Even if VB considerations offend your C++ sensibilities, VB is a strong driving architectural force in COM. Late binding and many other COM technologies are entirely based on the VB model. In fact, it's fair to say that a large degree of the complexity in COM/DCOM results from the need to support Visual Basic. Since the VB development environment does not support threading, explicit memory allocation, pointers, or networking issues, the COM architecture has to pick up the ball.

If you examine the above code and ignore all but the most obvious function parameters, it should be pretty straightforward. One addition you'll notice is the IDispatch member function GetIDsOfNames. Unlike the code in the ILateBinding pseudo-example, IDispatch does not let you invoke a method by string name in a single step. The Invoke function takes a dispid as its first argument (DISPID is simply a long,) so you really invoke a remote method by number, not by name. This is all GetIDsOfNames does. It allows you to send an array of method names as strings, and get back their specific DISPID for use in the Invoke function.

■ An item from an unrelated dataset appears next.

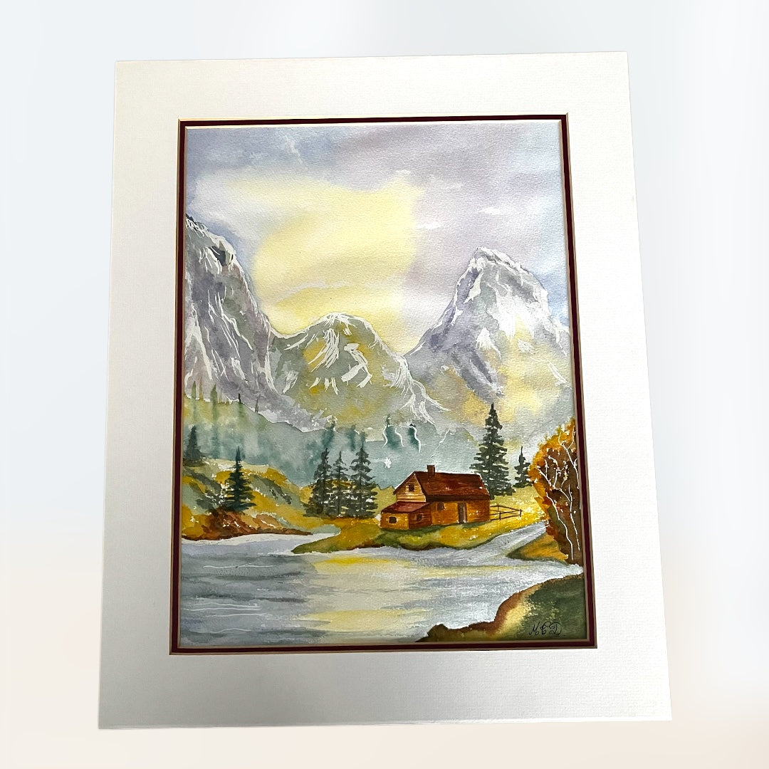 Cette ancienne aquarelle signée Marie-Thérèse.D, conserve tout son charme. Elle illustre avec douceur la majesté de nos montagnes françaises et la chaleur des chalets en bois. Des touches de violet viennent apaiser le regard et accentuer la sérénité de la scène.

Now that you understand the basic structure of late binding and IDispatch, it should be easy to imagine a C++ wrapper class to grow and shrink the VARIANTARG structure dynamically and handle all the IDispatch methods in a more encapsulated way.

Building an Early Binding Client

I find it useful to think of COM as nothing more than a mapping of C++ classes to RPC calls (Remote Procedure Calls). While this is a major oversimplification, it represents the functionality at the heart of COM. When you call a method on a COM Class in a client application, that method call is really being passed to the RPC layer, which "remotes" the method invocation to the real object, which may be on another machine. If you think of it this way, you can imagine the programmatic steps necessary to create a more robust, easy to use, and higher performance means of remote method invocation.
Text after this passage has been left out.